И последние спектакли я совсем активно делаю первый акт, что она его на самом деле - любит. Просто из тех людей, даже я сама знаю, что во мне есть эта черта, когда идея-фикс или идея какого-то собственного будущего начинает довлеть, и ты дальше, как личность, рабствуешь перед ней, и все твои вот эти эмоциональные точки начинают корежиться, засыпать и отмирать в какой-то момент, и разбудить их очень сложно.

И мне кажется, с Ириной произошло то же самое. Первый акт - это день рождения, все-таки - получившийся день рождения. И две сестры, и, не смотря на смерть отца, приход Вершинина. И в двадцать лет, когда человек, жаждущий любви, слышит признание в любви, мне кажется, что вот эта реплика "текут у меня слезы, это не нужно", - это только слезы радости и восторга, это такая высота духа их совместного, и Тузенбаха, и Ирины, это такое слитие, такое спаяние их совместное, что эти слезы могут только вот от такого дребезжащего восторга, как хрусталь. Вот такая чистота, сила, ясность.

И второй акт - такое сознательное отталкивание его, Тузенбаха, что "нет, все-таки есть мечта, все-таки есть Москва, эта жизнь не для меня, я стою чего-то лучшего, и там у меня где-то мой любимый, который достоин меня", и так далее, и так далее.

Третий акт - совсем поражение внутреннее, вот где-то с третьего акта начинается вновь воскрешение ее личности для меня. Потому что в третьем акте она осознает, что никто не виноват, кроме нее самой. Что все, что у нее было, она все разрушила. Гордо, очень торжественно, самоуверенно, но - разрушила. Раскромсала, раздробила и осталась ни с чем, и только с самообвинением конкретным, что "никто, ни Бог, ни судьба, ни сестры - никто не виноват, виновата одна я", одна Ирина, и спрашивать только с себя.

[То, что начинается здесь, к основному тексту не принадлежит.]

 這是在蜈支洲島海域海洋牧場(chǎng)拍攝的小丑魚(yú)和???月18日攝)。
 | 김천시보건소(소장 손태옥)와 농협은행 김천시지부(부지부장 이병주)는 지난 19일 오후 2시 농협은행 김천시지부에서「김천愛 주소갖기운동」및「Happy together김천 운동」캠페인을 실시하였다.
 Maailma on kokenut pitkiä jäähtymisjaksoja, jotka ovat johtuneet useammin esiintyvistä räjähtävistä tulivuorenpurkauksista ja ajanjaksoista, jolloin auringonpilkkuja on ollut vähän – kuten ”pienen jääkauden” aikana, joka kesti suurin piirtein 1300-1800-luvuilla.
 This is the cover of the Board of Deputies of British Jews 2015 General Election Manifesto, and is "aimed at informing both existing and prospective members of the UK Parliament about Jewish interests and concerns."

И четвертый акт - это уже настоящая любовь, когда ты еще на шлейфе тех, прошлых отношений, может быть, не можешь к нему приблизиться, к Тузенбаху, надо какое-то время.... И вот этот вот толчок с дуэлью, вот это вот инстинктивное ощущение драмы, какой-то трагической ситуации, ну, абсолютно инстинктивное. Ну, уже, как собака, уже... я не знаю, как падшая женщина, как последняя половая тряпка, уже догнать, ухватить - и задержать. И от того, что это не конкретно, и от того, что я допускаю эти мысли, и в то же время я не имею права допускать, потому что я могу преувеличивать и могу накликать. И все-таки это не может быть такой огромной расплатой, такой трагической расплатой за мои ошибки. И этого не может быть, потому что этого быть не может.

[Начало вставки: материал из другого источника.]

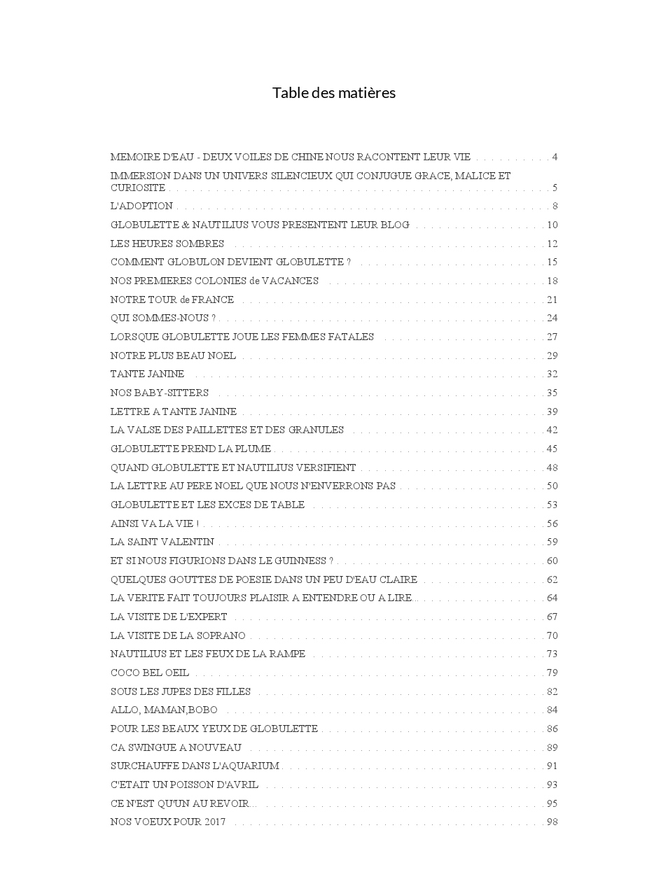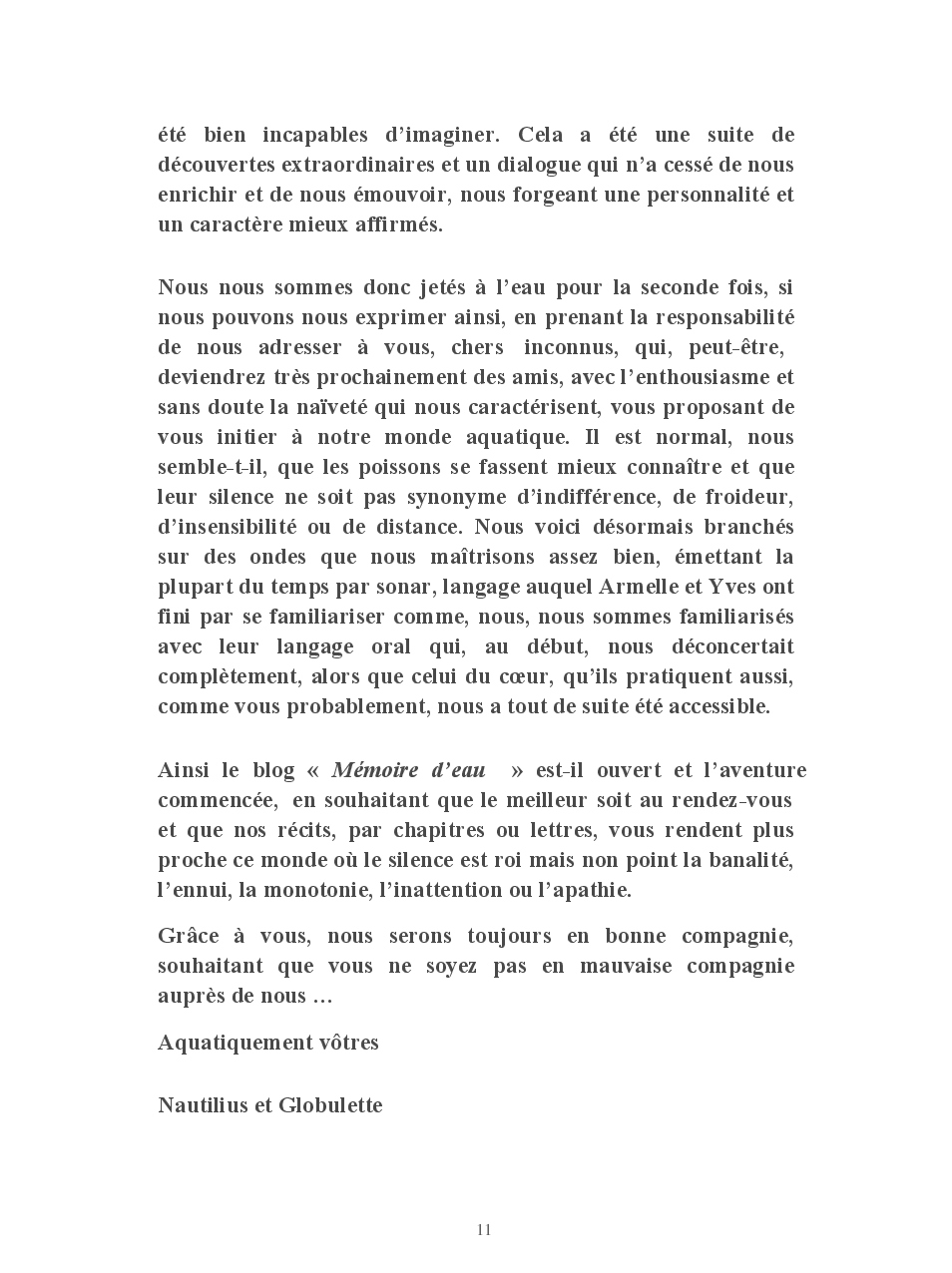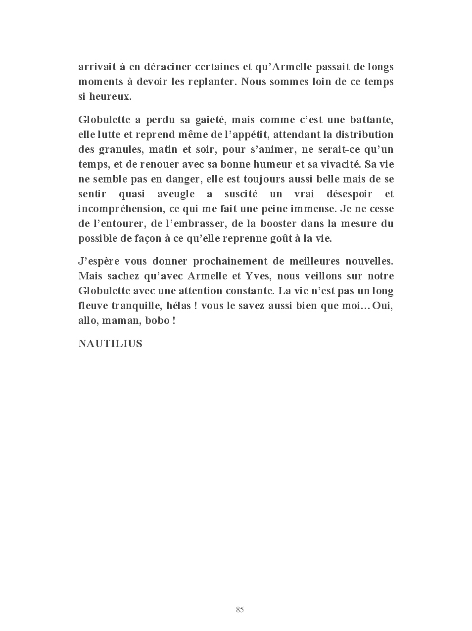 Cet ouvrage vous conte la vie de Globulette et Nautilius qui ont eu le souci de ne manquer aucun événement important de ces presque neuf années de vie partagées avec Yves et Armelle.

Потому что я уже познала это чувство любви, как Ирина, вернее, Ирина. И я уже им восхитилась, и я уже поняла, что вот оно, счастье, вот оно ходит рядом, вот оно стоит, вот оно смотрит на деревья, вот оно произносит последний монолог Тузенбаха, и уже цепляется, как послед, - ну, совсем, как последняя соломинка, которая ломается.

И даже когда он уходит, когда "я не пил сегодня кофе", вот эта замечательная чеховская реплика. И когда он уходит, это все-таки естественно - бросок к нему, но в то же время этого не может быть.

Я даже чувствую, я даже вижу это конкретно, Ирина, что это будет очень что-то страшное. Но, с другой стороны, такой внутренний текст, что судьба не может провоцировать и искушать так больно. Иначе для меня это было загадкой, почему Ирина говорит, что не любит. И если она его не любит, зачем нужна эта сцена в четвертом акте? Она никому не нужна тогда.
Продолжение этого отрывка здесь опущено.